6. If anything ails him in that (third) age, let him say: 'Ye Prânas, ye Âdityas, extend this my third libation unto the full age, that I, the sacrificer, may not perish in the midst of the Prânas or Âdityas.' Thus he recovers from his illness, and becomes whole.

7. Mahidâsa Aitareya (the son of Itarâ), who knew this, said (addressing a disease): 'Why dost thou afflict me, as I shall not die by it?' He lived a hundred and sixteen years (i.e. 24+44+48). He, too, who knows this lives on to a hundred and sixteen years.


Seventeenth Khanda[1].

1. When a man (who is the sacrificer) hungers, thirsts, and abstains from pleasures, that is the Dikshâ (initiatory rite).

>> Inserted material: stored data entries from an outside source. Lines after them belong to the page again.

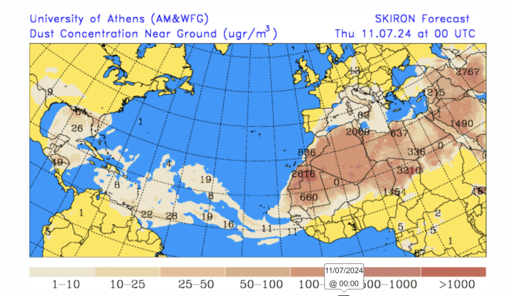 El pronóstico de la Universidad de Atenas señala que el polvo del Sahara ya se está acercando sobre el océano Atlántico, y este domingo llegarán a las Antillas Menores, el lunes cubrirá las Antillas Mayores y el miércoles estarán sobre Honduras, la Península de Yucatán y la Florida.
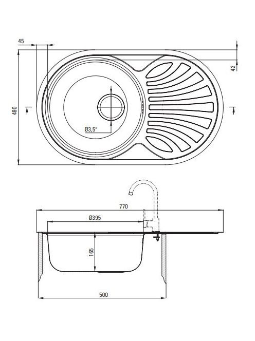 Deante Twist 1 medencés acél mosogató csepegtetővel 77x48 cm, dekor ZEU 311B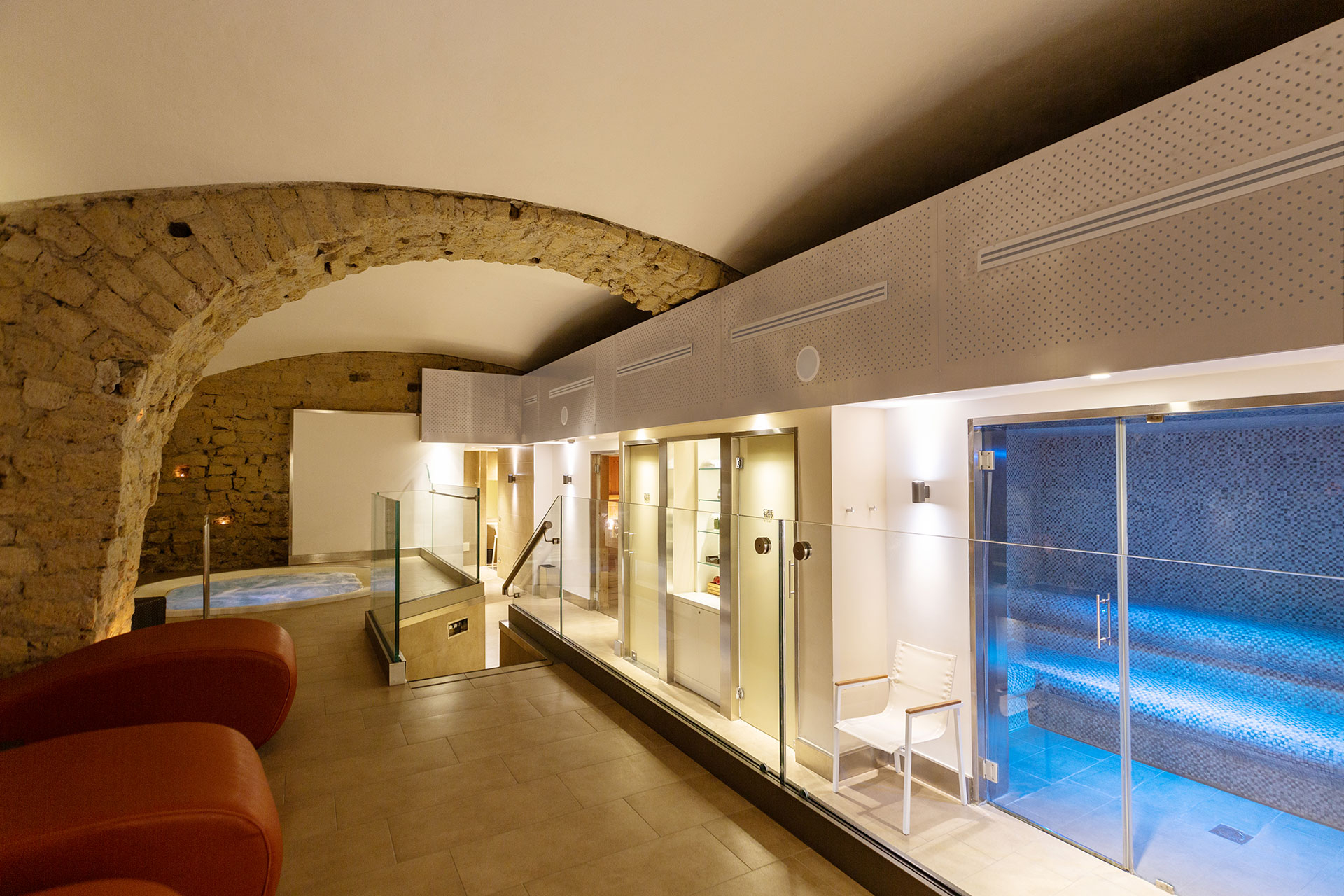 Each of the 145 rooms and suites is a combination of the ancient history of the building and contemporary hospitality requirements. The thick walls of the building make it inherently quiet and protected from the outside elements – cool in the heat of the summer and warm in the cooler months. The exquisite suites are in the noblest part of the building and elegant and refined offering stunning baroque coffered ceilings.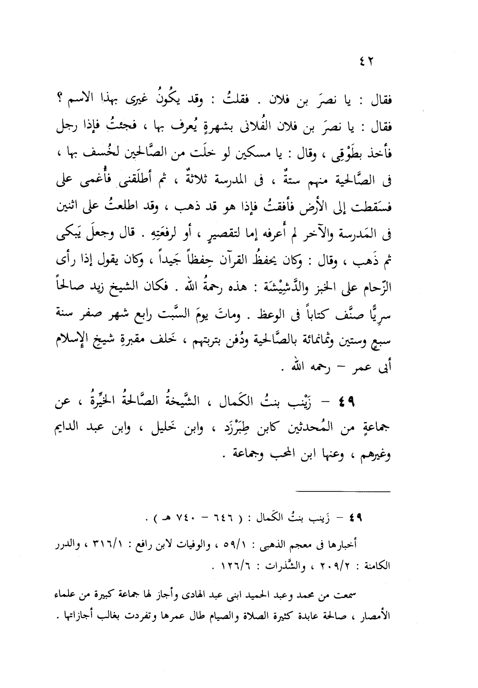 49 - زَيْنب بنتُ الكَمال، الشَّيخةُ الصَّالحةُ الخيِّرةُ، عن جماعةٍ من المُحدثين كابن طِبَرْزَد، وابن خَليل، وابن عبد الدايم وغيرهم، وعنها ابن المحب وجماعة.
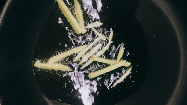 4. 下姜丝炒香。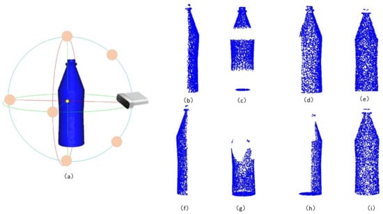 Figure 5b–i show the missing point clouds generated by the eight camera poses, respectively.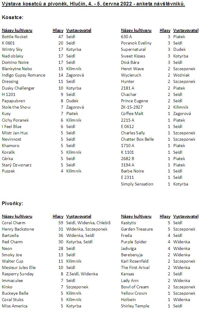 Kosatce vystavovalo 9 a pivoňky 6 místních a polských šlechtitelů a pěstitelů. Vystaveno bylo celkem cca 130 odrůd kosatců a 100 pivoněk. Vystaveny byly kosatce které týden před výstavou získaly ocenění na zahraničních mezinárodních soutěžích. 'Nad oblaky' (Zdeňka Seidla) v Paříži a 'Matka Theresa (Roberta Piatka) ve Florencii.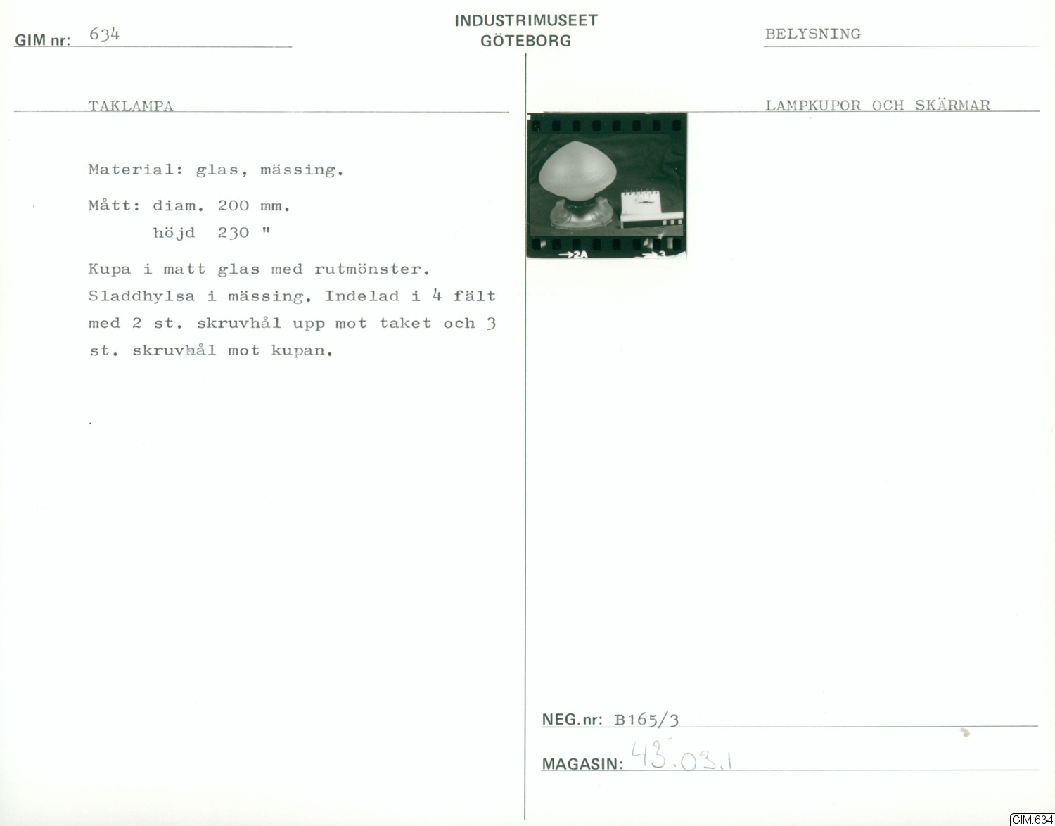 GIM katalogkort Belysning 1 :: kapsel, katalogkort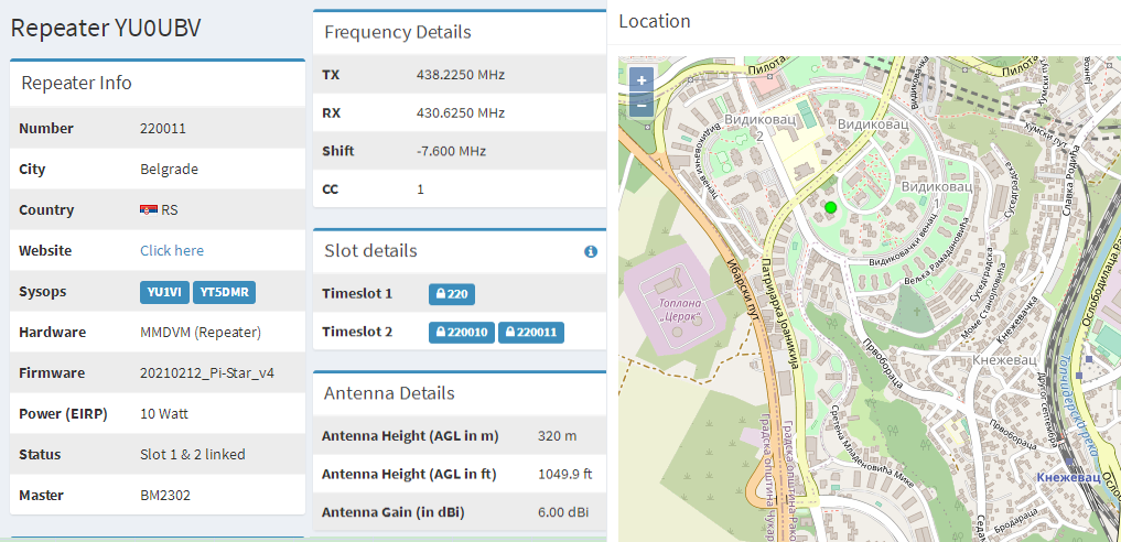 We can see this repeater information as below, and in the location map you can check where the repeater is, then you can confirm if it is in your communication range.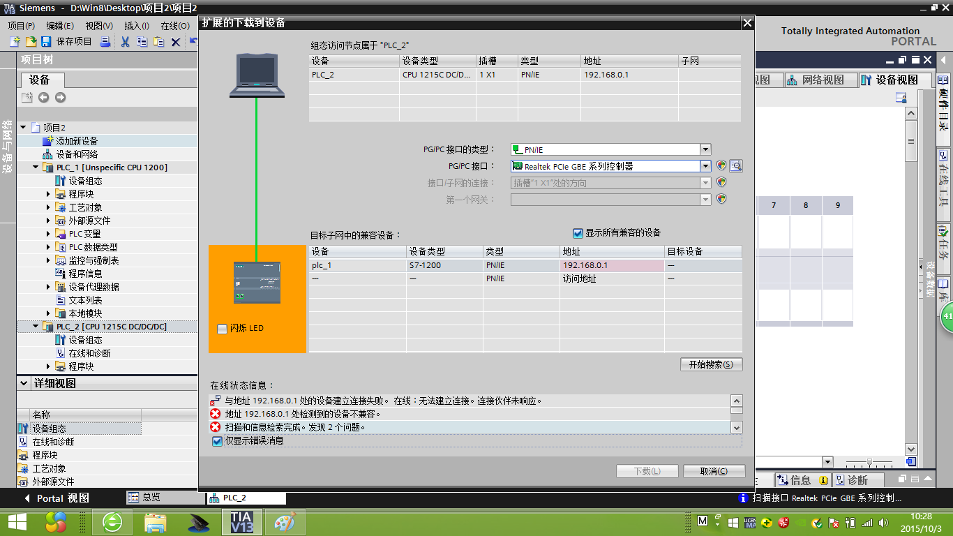 TIA V13 SP1建立新项目硬件组态后搜索设备正常 ,下载时出现设备不兼容情况,如下图。检查硬件版本无误。通过自动检测的方式,获取PLC的信息,出现无法连接的错误。如图2。各位大侠,给个提示,谢谢!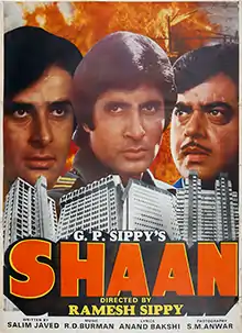 Shaan (translation: Grandeur) is a 1980 Indian Hindi-language action thriller film directed by Ramesh Sippy and produced by G. P. Sippy under the production banner of Sippy Films with a story written by Salim–Javed after the blockbuster success of their previous venture, Sholay (1975). Released in India on 12 December 1980, the film stars an ensemble cast of Sunil Dutt, Shashi Kapoor, Amitabh Bachchan, Shatrughan Sinha, Raakhee Gulzar, Parveen Babi, Bindiya Goswami, Johnny Walker and Kulbhushan Kharbanda. The music was composed by R. D. Burman.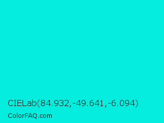 CIELab 84.932,-49.641,-6.094 Color is a normal cyan color and the nearest color is Bright Turquoise #08e8de. Hex code #05edde and RGB value is rgb(5,237,222). In RGB color space, this color is composed of 2% red, 93% green, 87% blue, In CMYK color space, this color is composed of 98% cyan, 0% magenta, 6% yellow , 7% black , In HSL color space, this color has a hue angle of 176° , 96% saturation and 47% lightness.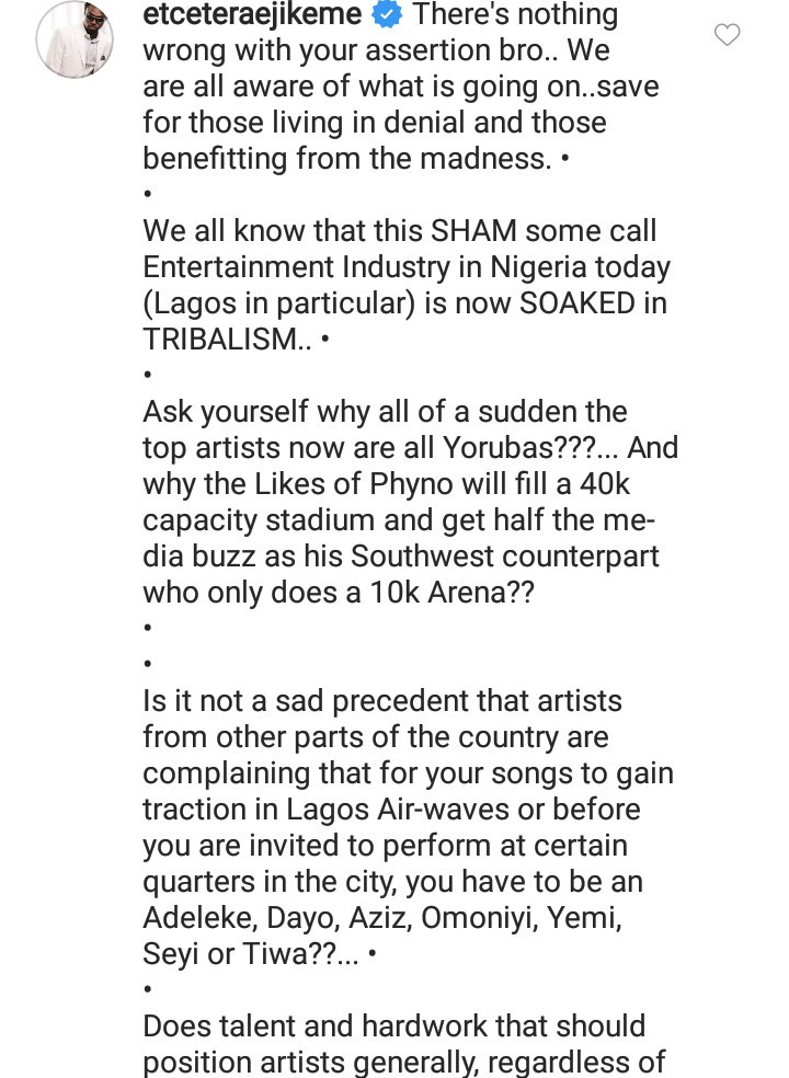 Singer Etcetera replied, telling Emma that his assertion is right. He said that artists like Tuface, Omawunmi, Flavour, Phyno, Waje, MI, Duncan Mighty, and Timaya are all great artists, yet, they “do not get as much buzz and recognition as the artists from the Southwest.”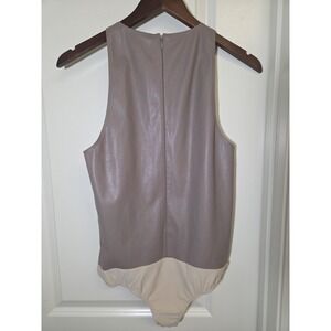 Description: Absolutely stunning Lapointe faux leather bodysuit. Flattering halter neckline. Versatile beige color. Dress up or down.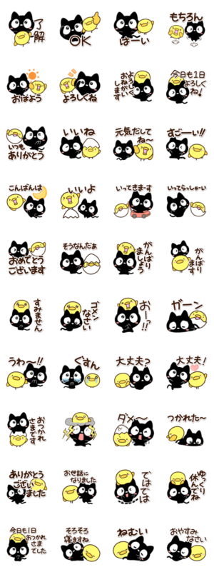 『クロネコすたんぷ』等の絵文字もあります。『まるピヨ』と黒猫のコラボスタンプ。シンプルな文字と、基本的な言葉を集めました。くろねこにひよこキャラ好きな方にぜひ。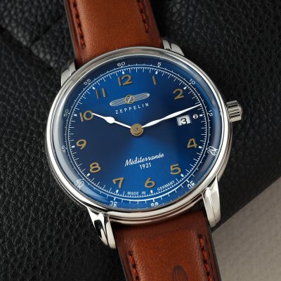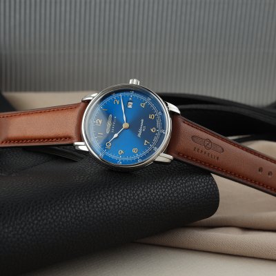 Diese Zeppelin Uhr hat ein Edelstahl Gehäuse mit einem Durchmesser von 40 mm und ist mit einem Armband aus Leder versehen. In der Uhr arbeitet ein ETA Uhrwerk. Das Glas der Uhr besteht aus K1 Mineral - Glas.

2. When a man eats, drinks, and enjoys pleasures, he does it with the Upasadas (the sacrificial days on which the sacrificer is allowed to partake of food).

3. When a man laughs, eats, and delights himself, he does it with the Stuta-sastras (hymns sung and recited at the sacrifices).

4. Penance, liberality, righteousness, kindness, truthfulness, these form his Dakshinâs (gifts bestowed on priests, &c.)

5. Therefore when they say, 'There will be a


  1. Here we have a representation of the sacrifice as performed without any ceremonial, and as it is often represented when performed in thought only by a man living in the forest.